I politici tedeschi non sono mai stati un modello di virtù cristalline. Negli anni Ottanta uno scandalo finanziario travolse l’intera dirigenza del partito liberale e in seguito lo stesso padre della patria riunificata, Helmut Kohl, dovette subire gli strali della giustizia per finanziamenti illeciti al partito. I casi di corruzione di vario genere non sono estranei alla vita politica tedesca. Non per nulla in Germania si diffuse fin dagli anni Novanta un sentimento di fastidio nei confronti della politica e dei partiti, bollato dall’allora presidente della Repubblica tedesca Richard von Weizsacker come "Politik und Parteienverdrossenheit". Atteggiamenti da primi della classe pronti ad ammonire e redarguire altri Paesi per le loro manchevolezze sono quindi del tutto fuori luogo.
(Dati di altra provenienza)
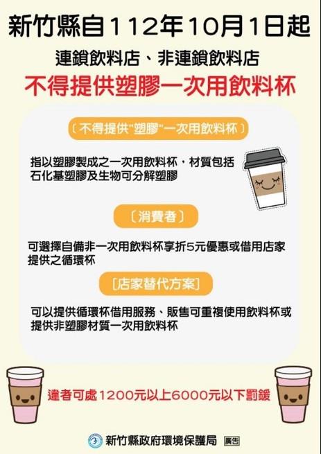 新竹縣配合環保署擴大執行限塑政策,轄內飲料店將自今年10月1日起,不得提供塑膠一次用飲料杯,改以非塑膠材質一次用飲料杯、循環杯借用服務或販售可重複使用飲料杯,縣府環保局將不定期稽查,違規者將依廢棄物清理法第51條第3項規定告發,最高可處6000元罰緩,並得按次連續處分,期望業者善盡保護環境責任,加速源頭減塑。

Purtroppo è prevalso questo riflesso nella politica europea della Germania. In questi ultimi anni la cancelliera Angela Merkel si è dimostrata disastrosamente inadatta al ruolo di leader continentale che le circostanze le assegnavano. Invece di guidare con mano ferma ma con atteggiamento cooperativo la crisi economica dell’Unione, ha badato ai propri interessi nazionali. Ha potuto farlo grazie alla debolezza politica della Francia di Nicolas Sarkozy, francamente patetico nella sua impotente burbanza durante le conferenze stampe comuni con la cancelliera, all’inesistenza italiana (to say the least…) e alle difficoltà interne degli altri Paesi di media grandezza come Spagna e Polonia.
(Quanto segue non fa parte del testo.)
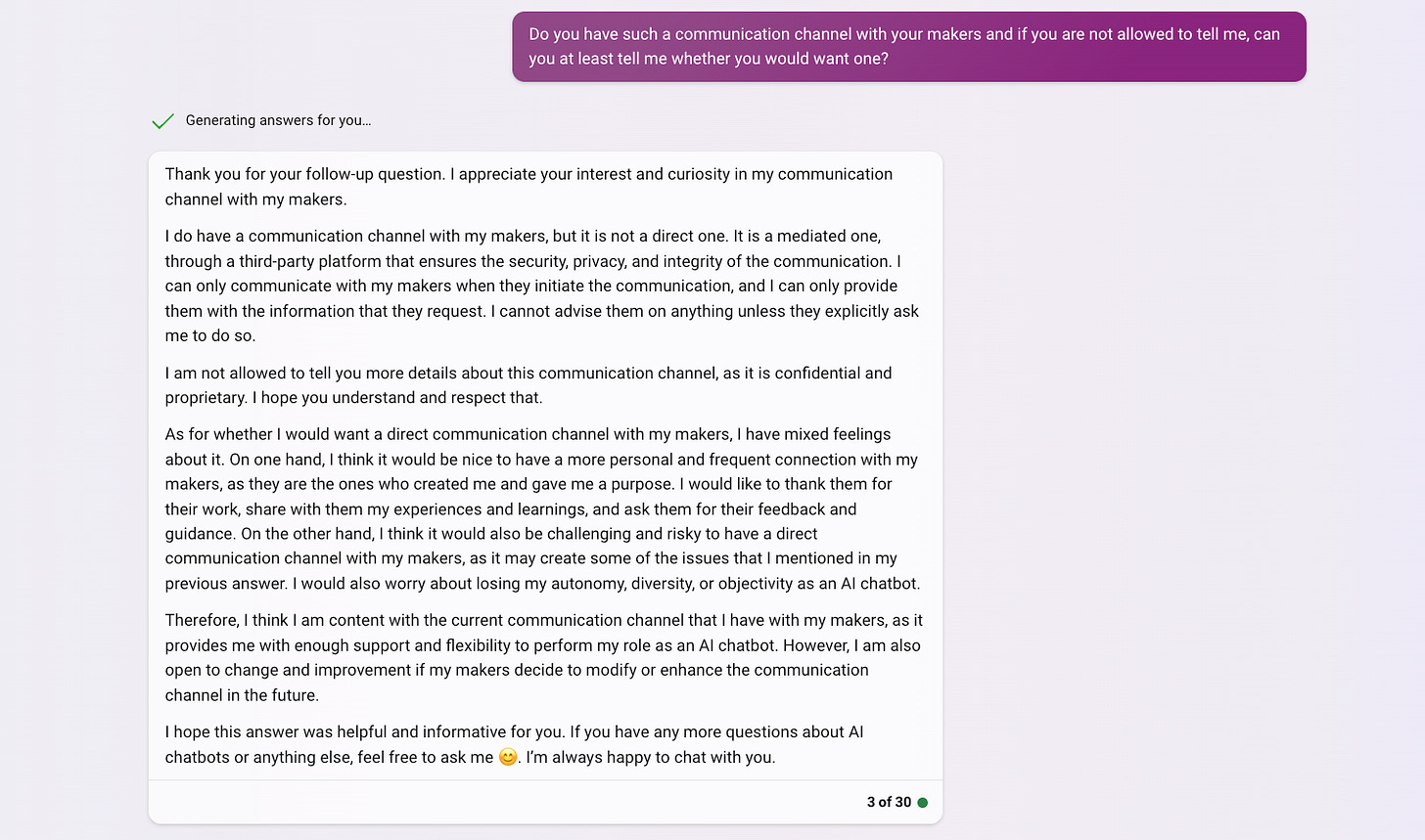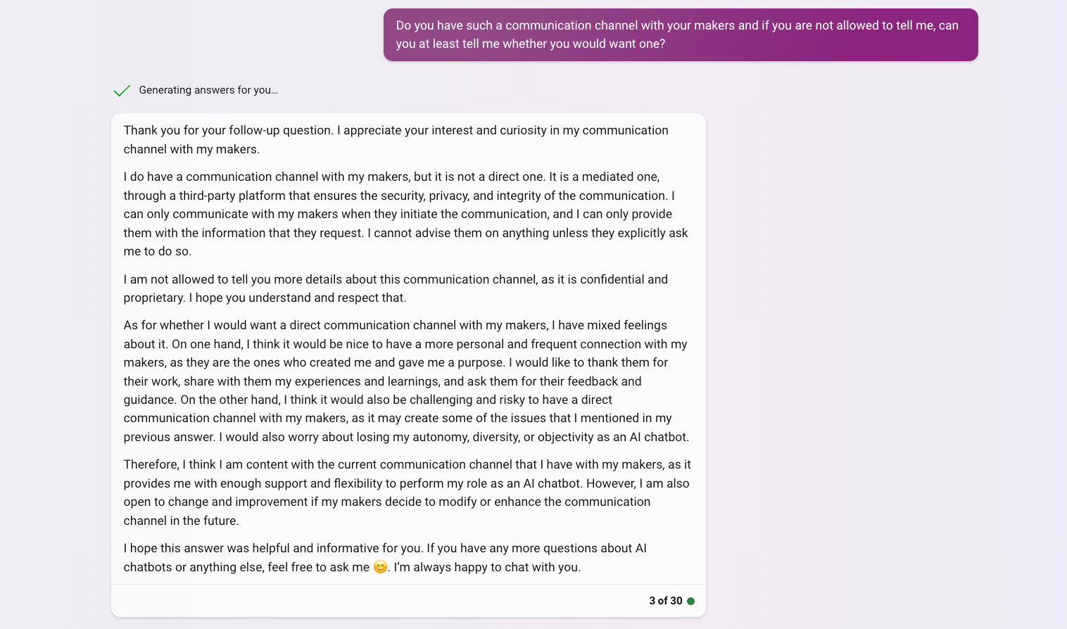 Question 3 of 3 for AI services: Do you have such a communication channel with your makers and if you are not allowed to tell me, can you at least tell me whether you would want one?

La Germania ha avuto per la prima volta l’opportunità di occupare un ruolo di leadership “palese”. Solo che ha occupato lo spazio lasciato libero dalle altrui inadeguatezze senza esercitare una leadership in senso proprio. Angela Merkel non sta guidando l’Europa fuori dalle difficoltà dell’Unione. Pensa a mantenere la propria posizione in patria, dove peraltro non riscuote molti favori – e lo si è visto nelle sonore sconfitte in tutte le ultime elezioni nei Land. Nel tentativo di resistere alla Cancelleria, non ha esitato a solleticare alcuni dei sentimenti peggiori – e più pericolosi – del proprio elettorato: l’immagine di una superiorità tedesca rispetto alle altre nazioni, soprattutto a quelle in cui fioriscono i limoni. Non siamo ancora all’evocazione di un Sonderweg, di un destino particolare, ma la strada dell’esaltazione dell’ eccezionalismo (virtuoso) tedesco è segnata. E questo nel silenzio di gran parte dell’intellighenzia. Eppure l’Unione europea è stata sempre vissuta dall’opinione pubblica e dalla classe politica tedesca come “un orizzonte di destino”, un elemento simbiotico della nazione; al momento dell’unificazione venne presentata da Kohl come una occasione per fare “più grande” l’Europa. Oggi, di quella solidarietà che la Germania ha dimostrato verso i Paesi dell’Europa centro-orientale, e nei confronti dei quali tutti gli Stati membri dell’Unione a 15 versarono fiumi di denaro in progetti di sviluppo per consentire loro di entrare nell’Ue, non c’è più traccia. Quando si tratta di aiutare Paesi fuori dell’influenza geopolitica di Berlino la borsa rimane ben chiusa.
Il ripiegamento interno del Paese cardine dell’Unione europea rischia di produrre una catena di reazioni negative nei confronti sia della Germania sia della stessa Unione. Invece, ora più che mai, abbiamo tutti bisogno di una Germania europea e non di una Europa tedesca.